━━━ ENTRIES SUPPLIED

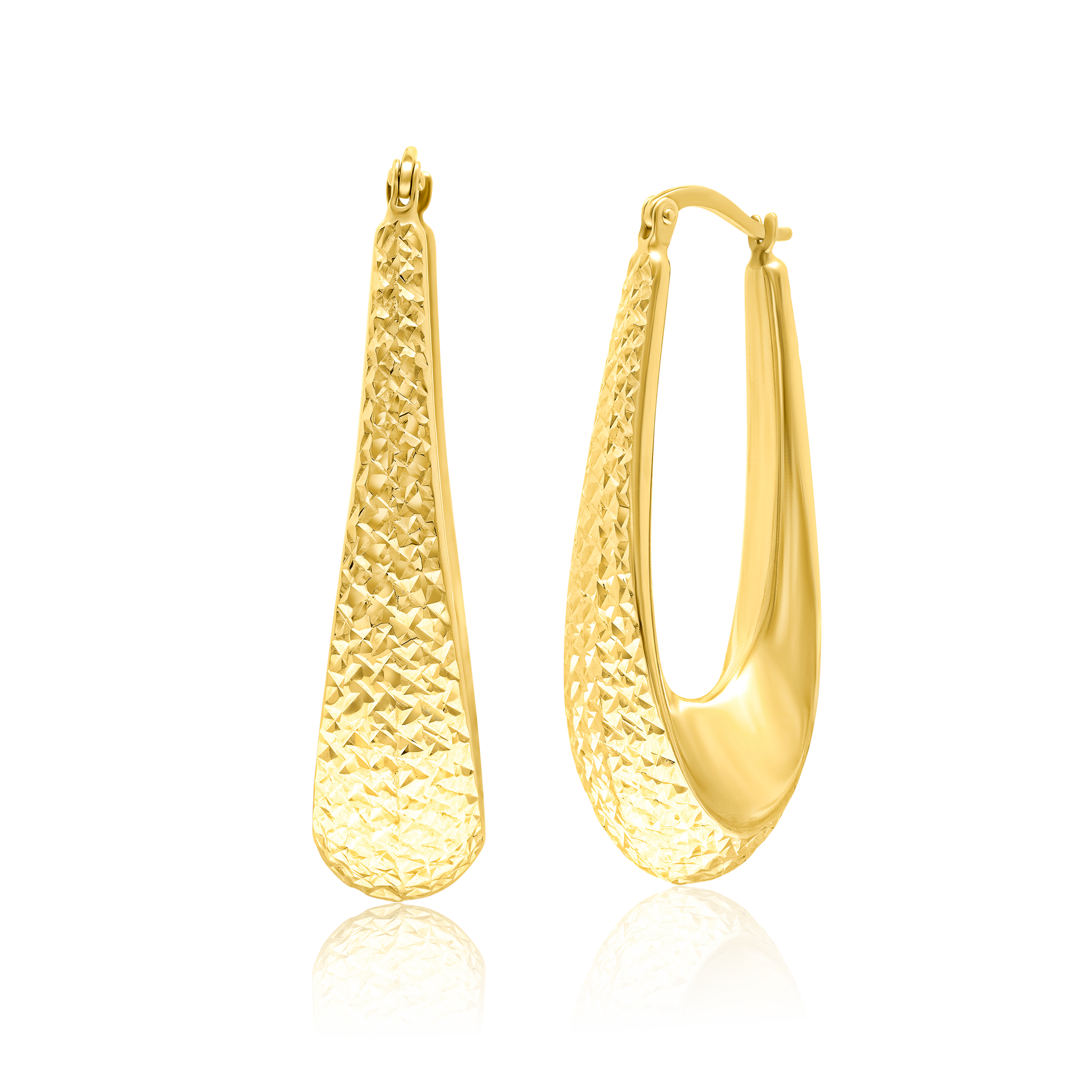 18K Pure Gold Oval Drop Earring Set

━━━━━━
━━━ ENTRIES SUPPLIED

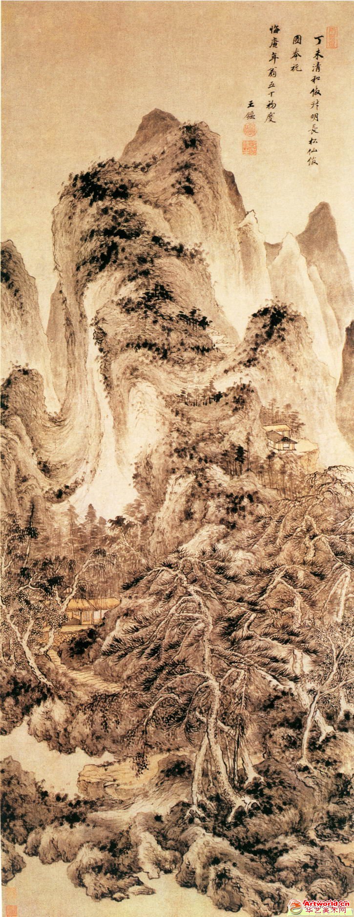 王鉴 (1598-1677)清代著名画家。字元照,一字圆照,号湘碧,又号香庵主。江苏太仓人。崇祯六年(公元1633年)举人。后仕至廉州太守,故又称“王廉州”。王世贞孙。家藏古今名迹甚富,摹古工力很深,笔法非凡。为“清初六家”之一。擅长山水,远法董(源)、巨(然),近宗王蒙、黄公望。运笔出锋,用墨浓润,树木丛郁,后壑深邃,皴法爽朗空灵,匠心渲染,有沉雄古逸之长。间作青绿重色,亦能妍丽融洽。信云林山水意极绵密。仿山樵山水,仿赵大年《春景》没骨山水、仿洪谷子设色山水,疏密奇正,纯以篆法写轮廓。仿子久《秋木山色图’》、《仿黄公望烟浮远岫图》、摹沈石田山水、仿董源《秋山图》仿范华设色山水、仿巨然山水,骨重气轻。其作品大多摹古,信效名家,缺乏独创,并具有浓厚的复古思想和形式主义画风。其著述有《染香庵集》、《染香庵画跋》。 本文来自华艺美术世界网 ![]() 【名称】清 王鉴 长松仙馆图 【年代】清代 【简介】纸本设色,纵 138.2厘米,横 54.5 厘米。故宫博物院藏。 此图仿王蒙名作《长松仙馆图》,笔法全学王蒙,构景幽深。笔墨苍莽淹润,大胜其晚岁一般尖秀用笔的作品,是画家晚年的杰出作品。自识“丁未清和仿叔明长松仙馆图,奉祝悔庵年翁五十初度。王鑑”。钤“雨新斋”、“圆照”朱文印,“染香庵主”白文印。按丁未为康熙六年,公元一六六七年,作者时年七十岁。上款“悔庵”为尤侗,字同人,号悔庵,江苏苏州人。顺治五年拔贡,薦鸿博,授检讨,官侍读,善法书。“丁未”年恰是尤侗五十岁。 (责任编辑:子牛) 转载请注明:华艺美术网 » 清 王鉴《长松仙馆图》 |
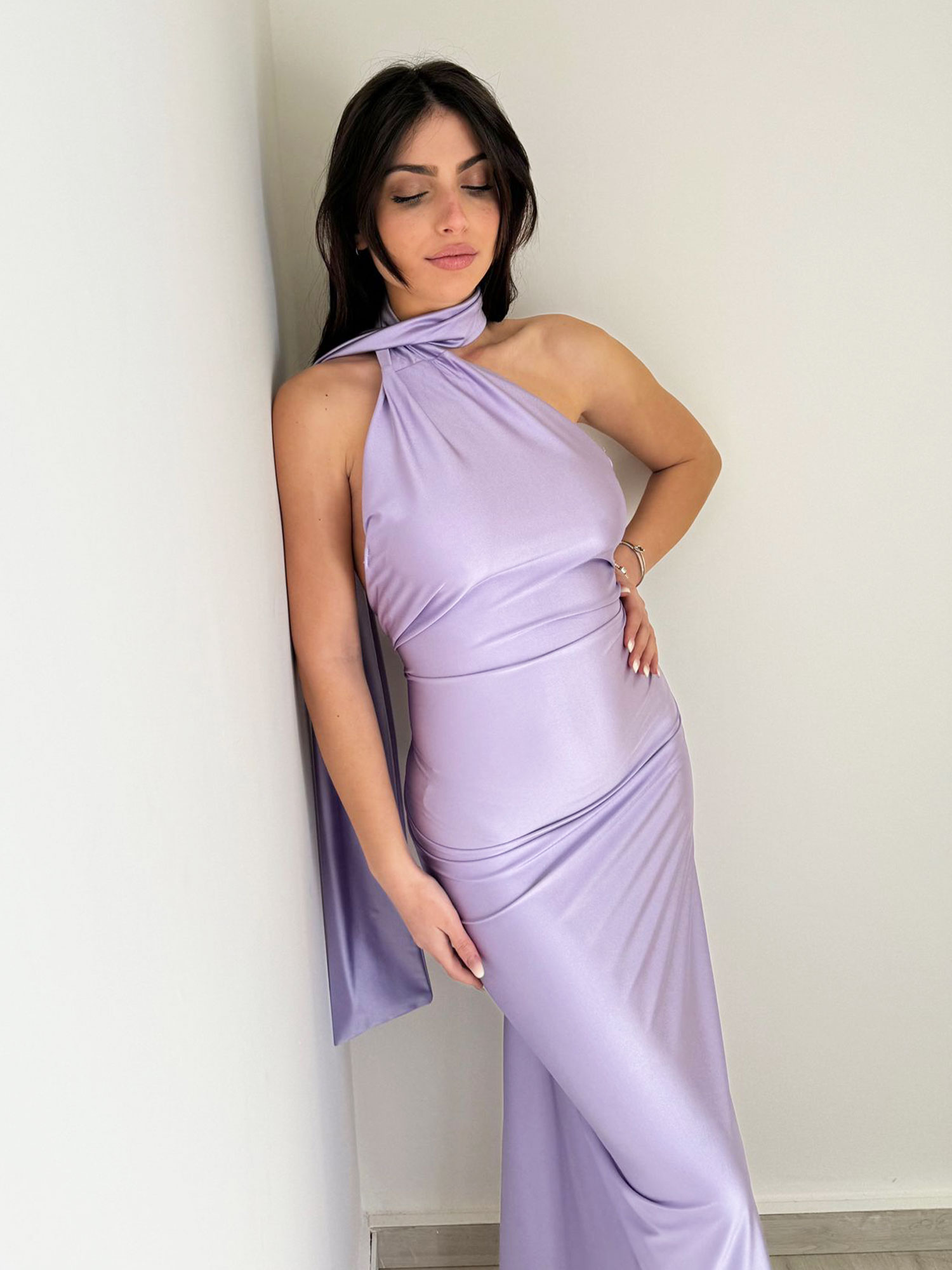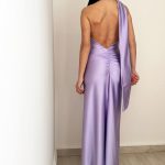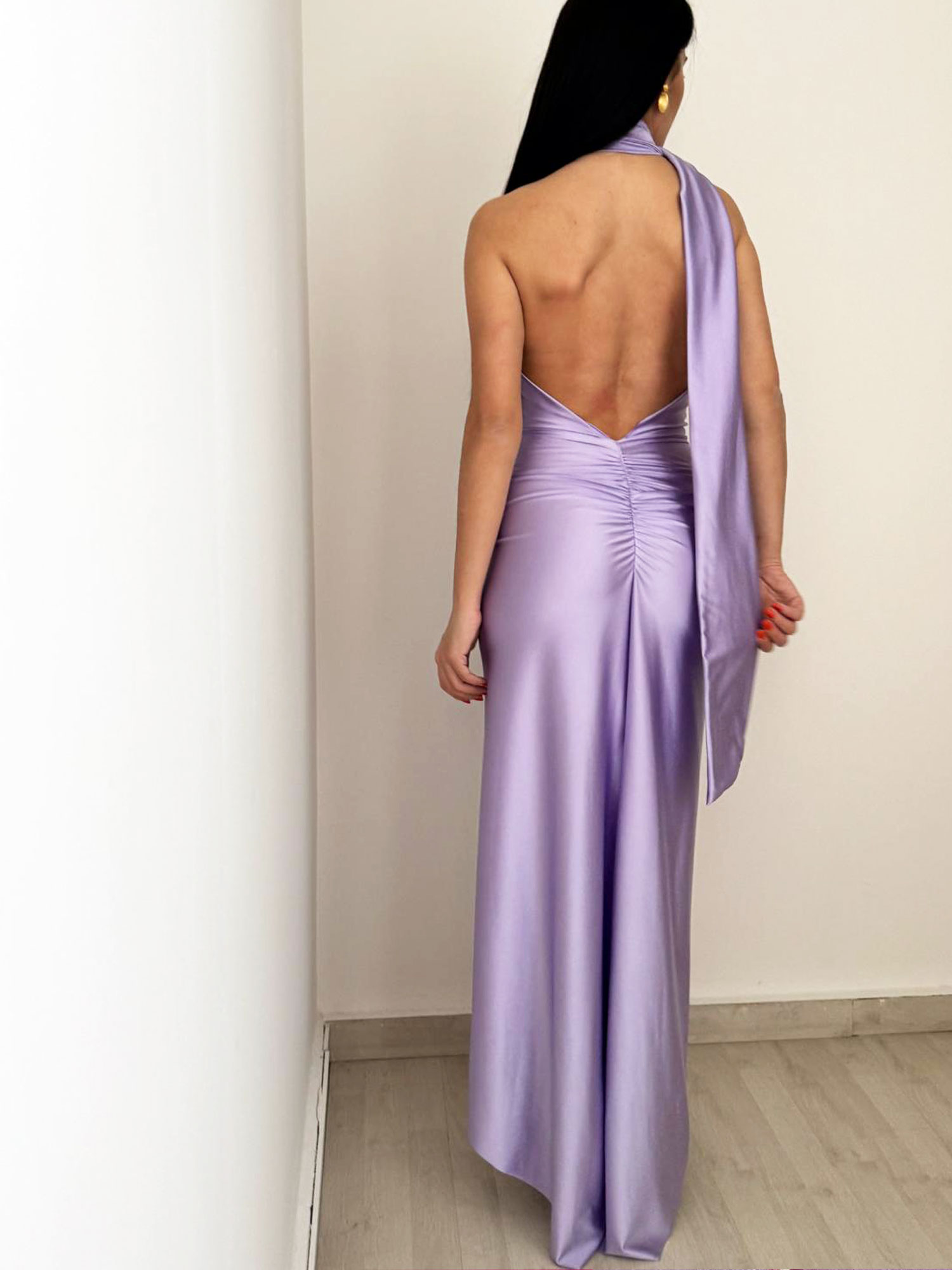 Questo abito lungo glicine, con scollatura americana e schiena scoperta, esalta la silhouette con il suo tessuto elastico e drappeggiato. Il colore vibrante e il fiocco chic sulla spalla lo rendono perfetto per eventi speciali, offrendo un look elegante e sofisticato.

━━━━━━

WHAT TO WORK ON: Output only the stretch above from the line with "清 王鉴《长松仙馆图》 |" through the line with "Questo abito lungo", reproduced exactly. Exclude pictures.

EXERCISE RESULT:
 王鉴 (1598-1677)清代著名画家。字元照,一字圆照,号湘碧,又号香庵主。江苏太仓人。崇祯六年(公元1633年)举人。后仕至廉州太守,故又称“王廉州”。王世贞孙。家藏古今名迹甚富,摹古工力很深,笔法非凡。为“清初六家”之一。擅长山水,远法董(源)、巨(然),近宗王蒙、黄公望。运笔出锋,用墨浓润,树木丛郁,后壑深邃,皴法爽朗空灵,匠心渲染,有沉雄古逸之长。间作青绿重色,亦能妍丽融洽。信云林山水意极绵密。仿山樵山水,仿赵大年《春景》没骨山水、仿洪谷子设色山水,疏密奇正,纯以篆法写轮廓。仿子久《秋木山色图’》、《仿黄公望烟浮远岫图》、摹沈石田山水、仿董源《秋山图》仿范华设色山水、仿巨然山水,骨重气轻。其作品大多摹古,信效名家,缺乏独创,并具有浓厚的复古思想和形式主义画风。其著述有《染香庵集》、《染香庵画跋》。 本文来自华艺美术世界网 ![]() 【名称】清 王鉴 长松仙馆图 【年代】清代 【简介】纸本设色,纵 138.2厘米,横 54.5 厘米。故宫博物院藏。 此图仿王蒙名作《长松仙馆图》,笔法全学王蒙,构景幽深。笔墨苍莽淹润,大胜其晚岁一般尖秀用笔的作品,是画家晚年的杰出作品。自识“丁未清和仿叔明长松仙馆图,奉祝悔庵年翁五十初度。王鑑”。钤“雨新斋”、“圆照”朱文印,“染香庵主”白文印。按丁未为康熙六年,公元一六六七年,作者时年七十岁。上款“悔庵”为尤侗,字同人,号悔庵,江苏苏州人。顺治五年拔贡,薦鸿博,授检讨,官侍读,善法书。“丁未”年恰是尤侗五十岁。 (责任编辑:子牛) 转载请注明:华艺美术网 » 清 王鉴《长松仙馆图》 |
 Questo abito lungo glicine, con scollatura americana e schiena scoperta, esalta la silhouette con il suo tessuto elastico e drappeggiato. Il colore vibrante e il fiocco chic sulla spalla lo rendono perfetto per eventi speciali, offrendo un look elegante e sofisticato.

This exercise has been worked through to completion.